Implementing some form of crash accountability — that is, not dinging carriers for crashes they couldn’t prevent — in the federal Compliance, Safety, Accountability carrier ranking/scoring program could have a significant impact on carriers’ rankings within the system, concludes the American Transportation Research Institute in a report released Nov. 10.

And, ATRI’s report concludes, changing the rankings is not just an issue of fairness: The Crash Indicator BASIC can cause carriers to lose business, drive insurance costs higher, tangle carriers in litigation and tie up trucks and drivers with more frequent inspections.
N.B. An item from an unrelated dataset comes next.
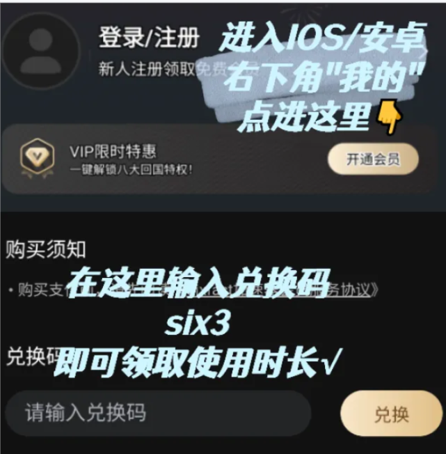 海外怎么玩暗黑破坏神亚服不卡,同时还能使用亚服战网?推荐使用Sixfast改善延迟/丢包/掉线等问题。现在找到移动端客户端卡券兑换界面,按图示输入相应的兑换号码six3,即可领取使用时长,不妨一试。

In a review of 15 carriers’ CSA ratings in the Crash Indicator BASIC, all but one carrier had their rankings fall and half saw them fall by more than 5 percent when ATRI weeded out so-deemed “non-preventable crashes.”

Three carriers saw their Crash Indicator ranking change more than 10 percent, and two others’ changed by 9 percent and 7.1 percent, respectively. The biggest change for any single carrier was a 14-percent drop. The carrier whose score didn’t fall was unchanged.

ATRI’s report runs counter to a January-released study from the Federal Motor Carrier Safety Administration, who concluded then the CSA program as a whole wouldn’t change much if some form of crash accountability were implemented. FMCSA also concluded implementation of such a system would be costly and yield little benefit to carriers.

But the studies were much different, as were the intentions of the researchers for each.

Whereas FMCSA’s study concentrated more on a cost-benefit analysis of implementing a crash weighting system, ATRI’s report focused on removing from the 14 carriers’ scores points associated with crashes in which fault could not be attributed to the carrier.